I remember that in my first attempt you did not like that the feature computer or the feature classes themselves had information and/or methods related to serialization. To design the current solution I simply adapted the design we already have for feature computers.

Feature serialisers.

The central interface for classes that can de/serialise a feature is org.mastodon.feature.io.FeatureSerializer. It is typed with the feature type and feature target type (vertex or edge):

public interface FeatureSerializer< F extends Feature< O >, O > extends SciJavaPlugin

And it is a SciJavaPlugin because of course we want to feature serializers discoverable by a specialized service, like for feature computers. The interface defines 3 methods:

public FeatureSpec< F, O > getFeatureSpec();

because we want to know the spec of the feature we can de/serialize. Also there are de/serialization methods based on object streams:

public void serialize( F feature, ObjectToFileIdMap< O > idmap, ObjectOutputStream oos );

public F deserialize( final FileIdToObjectMap< O > idmap, final RefCollection< O > pool, ObjectInputStream ois );

Note that the deserialize method returns the exact feature type, and not a super-class. We want serializers to produce an exact feature of the right class. So we will need one feature serializer for every feature we define. This means we are not able to write generic serializers for generic features.

Here is how a serializer looks like for a simple feature like SpotNLinksFeature:

@Plugin( type = SpotNLinksFeatureSerializer.class )
public class SpotNLinksFeatureSerializer implements FeatureSerializer< SpotNLinksFeature, Spot >
{

    @Override
    public Spec getFeatureSpec()
    {
        return SpotNLinksFeature.SPEC;
    }

    @Override
    public void serialize( final SpotNLinksFeature feature, final ObjectToFileIdMap< Spot > idmap, final ObjectOutputStream oos ) throws IOException
    {
        final IntPropertyMapSerializer< Spot > propertyMapSerializer = new IntPropertyMapSerializer<>( feature.map );
        propertyMapSerializer.writePropertyMap( idmap, oos );
    }

    @Override
    public SpotNLinksFeature deserialize( final FileIdToObjectMap< Spot > idmap, final RefCollection< Spot > pool, final ObjectInputStream ois ) throws IOException, ClassNotFoundException
    {
        final IntPropertyMap< Spot > map = new IntPropertyMap<>( pool, -1 );
        final IntPropertyMapSerializer< Spot > propertyMapSerializer = new IntPropertyMapSerializer<>( map );
        propertyMapSerializer.readPropertyMap( idmap, ois );
        return new SpotNLinksFeature( map );
    }
}

Nothing special; we reuse the property map serializers you made for the model serialization. Note however that the serializer must have access to the said property map for serialization (default visibility of the final field map) and to a constructor that accepts a property map for deserialization (also default visibility). Note the annotation with @Plugin; this is how the feature serializer service will pick it up.

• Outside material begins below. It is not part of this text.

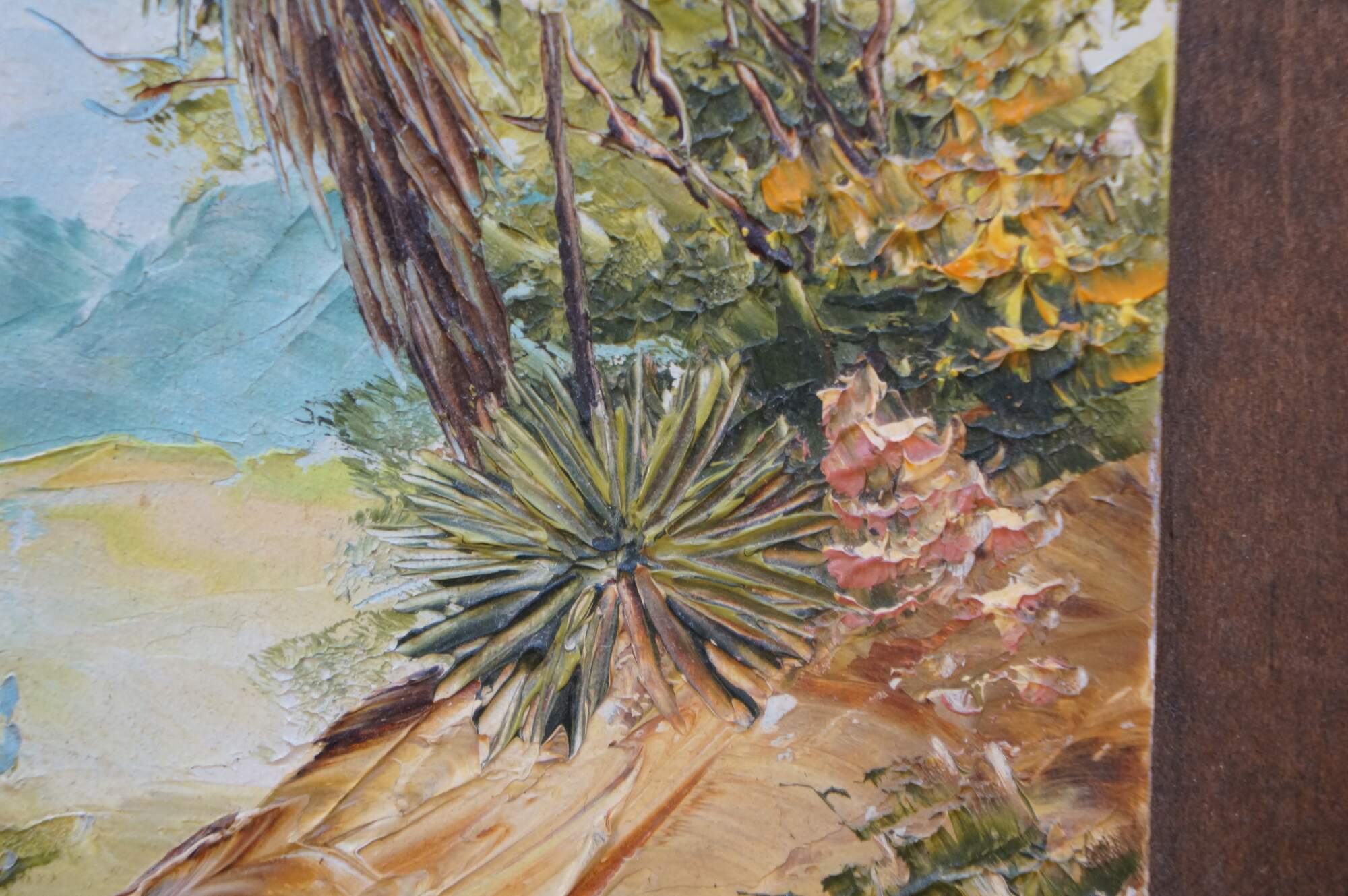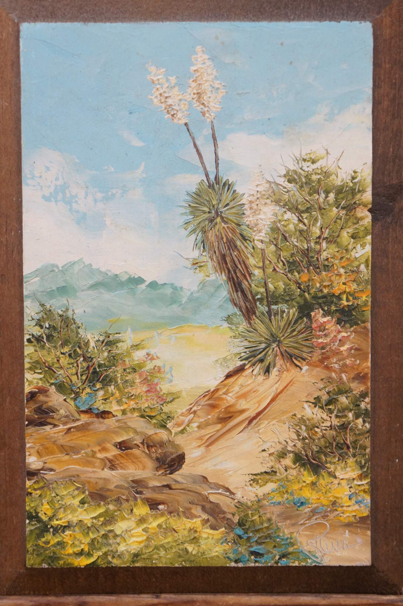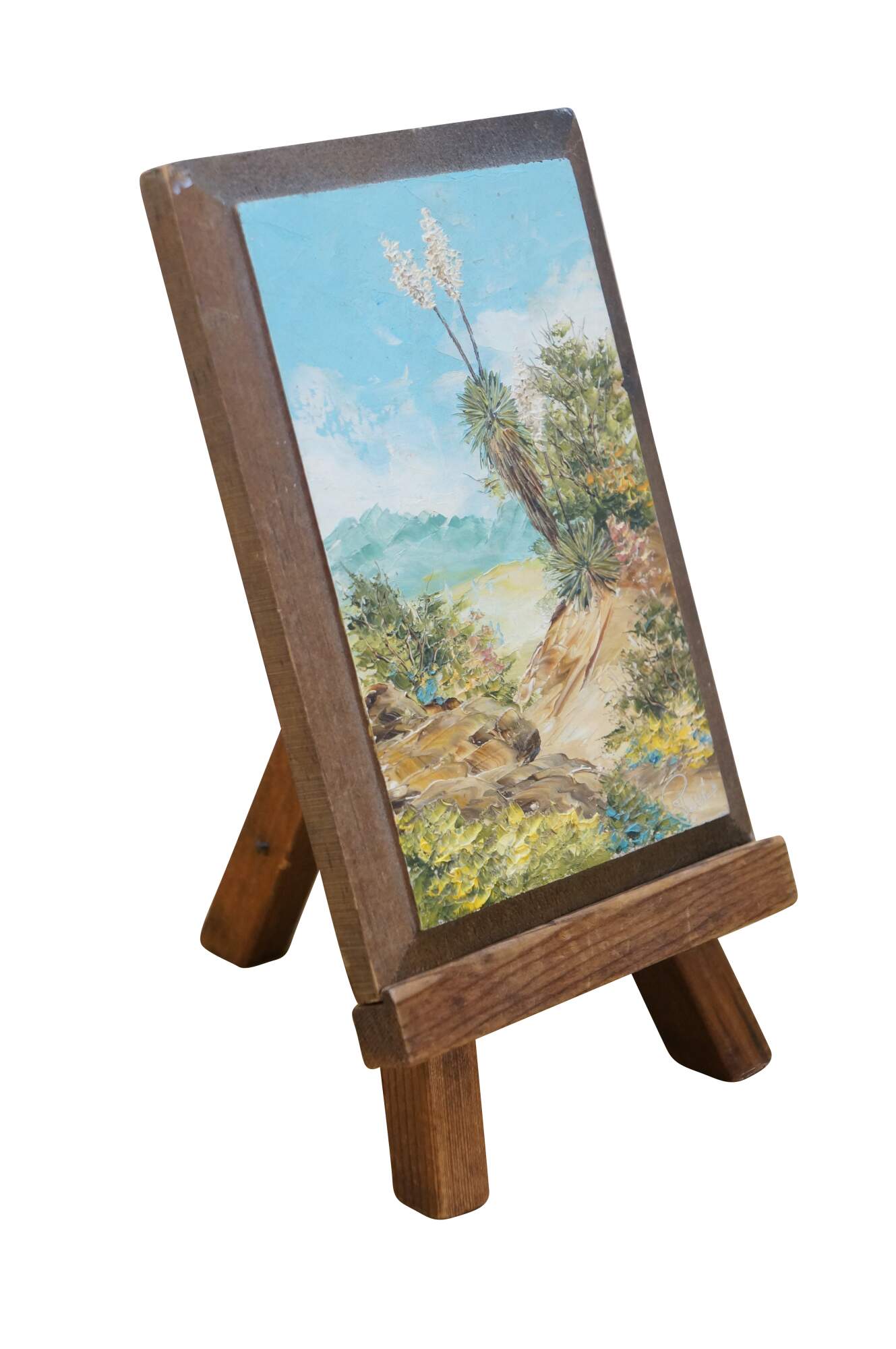 Late 20th century miniature desktop masterpiece landscape oil painting on board and easel showing a view of desert plants and mountains. Signed Reva, lower right.

This way we resemble the FeatureComputer framework a lot. The cool thing is that a feature does not have to know it is serializable. And I could make most of the Mastodon-app features serializable without modifying the feature class. Now a feature with a computer and a serializer looks like this in Eclipse:

SpotNLinksEclipseDeclaration

The feature serializer service.

Again, we emulate what we have for the feature computation, but simpler. There is a FeatureSerializationService interface that as a default implementation in DefaultFeatureSerializationService. Both of them are generic in terms of target object class.

The interface defines a single method

@Override
public FeatureSerializer< ?, ? > getFeatureSerializerFor( final FeatureSpec< ?, ? > spec );

that returns a feature serializer for a given feature specification. That's it.

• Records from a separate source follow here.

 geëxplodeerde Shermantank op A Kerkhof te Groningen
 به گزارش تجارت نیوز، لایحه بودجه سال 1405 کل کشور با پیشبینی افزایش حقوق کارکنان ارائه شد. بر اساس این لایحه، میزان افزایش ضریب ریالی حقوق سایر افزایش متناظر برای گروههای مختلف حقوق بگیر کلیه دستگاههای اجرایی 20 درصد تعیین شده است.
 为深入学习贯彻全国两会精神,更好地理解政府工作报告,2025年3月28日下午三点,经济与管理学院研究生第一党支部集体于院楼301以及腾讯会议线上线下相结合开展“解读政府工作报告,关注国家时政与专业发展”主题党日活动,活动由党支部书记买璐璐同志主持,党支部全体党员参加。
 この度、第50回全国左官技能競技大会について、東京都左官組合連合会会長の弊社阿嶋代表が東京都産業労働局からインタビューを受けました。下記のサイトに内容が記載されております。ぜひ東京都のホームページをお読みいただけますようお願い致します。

Feature serialization in Mastodon-app.

Now, let's orchestrate serialization and deserialization of features for the Mastodon-app, along with the Model serialization.

Serialization.

I modified the ProjectWriter interface in the MamutProject class so that it now has a new method:

OutputStream getFeatureOutputStream( String featureKey ) throws IOException;

This method should return a new output stream for the feature with the specified key. In practice, both the folder and the zip versions of the writer creates a folder features, and store feature data in files named with the feature key appended with .raw. For instance after serialization you will find the following in a .mastodon zip file or in a project folder:

$ ls -1
    features/
    model.raw
    project.xml
    tags.raw
$ ls -1 features/
    Link displacement.raw
    Link velocity.raw
    Spot N links.raw
    Spot gaussian-filtered intensity.raw
    Spot track ID.raw
    Track N spots.raw

The actual serialization logic appends in the class MamutRawFeatureModelIO and requires

Because of these arguments, this method is called in the ProjectManager class, in the saveProject(File projectRoot) method.

Also because we need the GraphToFileIdMap< Spot, Link >, I changed the model.saveRaw( writer ) method to return it instead of void. I could not find a way to calls the feature serialization logic directly in this method, mainly because we need the SciJava Context, which is not a field of the Model class. Another possibility would be to pass the FeatureSerializationService to the saveRaw() method.

Deserialization.

The deserialization happens in a similar way, but have extra logic.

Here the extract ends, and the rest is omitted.